Data Catalog offers the following user groups:

  • Administrator

    Permissions include Data Catalog settings and management functions often performed by the Data Catalog administrator.

  • Steward

    Permissions include those tasks performed to create and build the catalog, including permissions that control updates for resource metadata properties.

  • Business

    Permissions include the daily activities of a data analyst. This group also includes generic guest privileges.
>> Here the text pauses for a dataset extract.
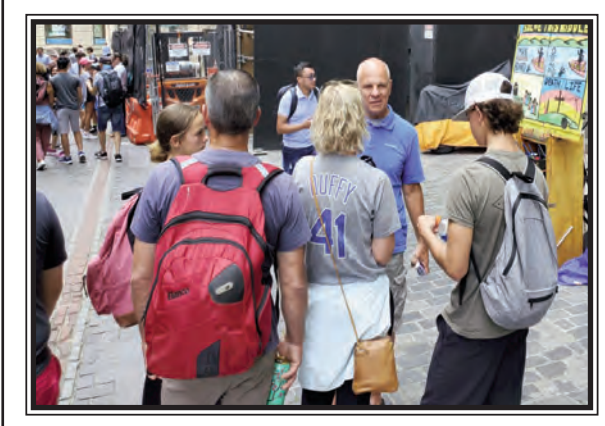
Old State House Boston. This family of four is from LA and both teen children and their mother were very curious, asking questions on how you could know personally the Lord's forgiveness. The father was also intently listening.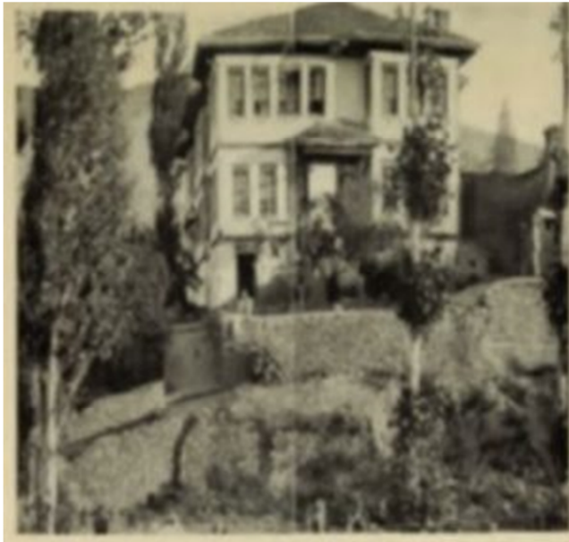
Figure 6. Yozgat City houses for the British Prisoners.

British prisoners were held in Armenian vacated houses

    • Analyst: The Analyst subset includes managing glossaries and running jobs, and tasks for Data Catalog maintenance.
    • Guest: The Guest subset includes basic permissions for browsing the catalog.

Data Catalog installs with one predefined role: global_administrator. After installation, you should create the additional roles that your organization needs so that all the activities in Data Catalog can be performed.

CautionAll the RBAC permissions must be assigned to ensure that Data Catalog operates properly.

Administrator role permissions

The Administrator group includes permissions for managing Data Catalog, including roles and users as well as system settings. Additionally, when you assign a user to the Administrator group, you can also select to include the permissions from the Steward and Business groups for that user. The following table lists the permissions contained within the Administrator group.

Administratorgroup

PermissionActionsNotes
Manage Business GlossaryCreate, read, update, and delete glossaries.
Manage AgentsCreate, read, update, and delete agents.
Manage Configuration SettingsCreate, read, update, and delete system configurations.
Manage Custom PropertiesCreate, read, update, and delete custom properties.Requires the Manage External Sources permission to update custom properties.
Manage Job TemplatesCreate, read, update, and delete job templates.Requires the Manage Virtual Folders and the Run Jobs permissions to select assets.
View Job ActivityView system-wide job activity.Requires the View Job Logs permission to view and download logs.
Manage User RolesCreate, read, update, and delete user roles.
Manage External SourcesCreate, read, update, and delete external sources through the command line and API.Provides the ability to integrate Apache Atlas functions.
Associate Roles with VFsCreate role associations to virtual folders.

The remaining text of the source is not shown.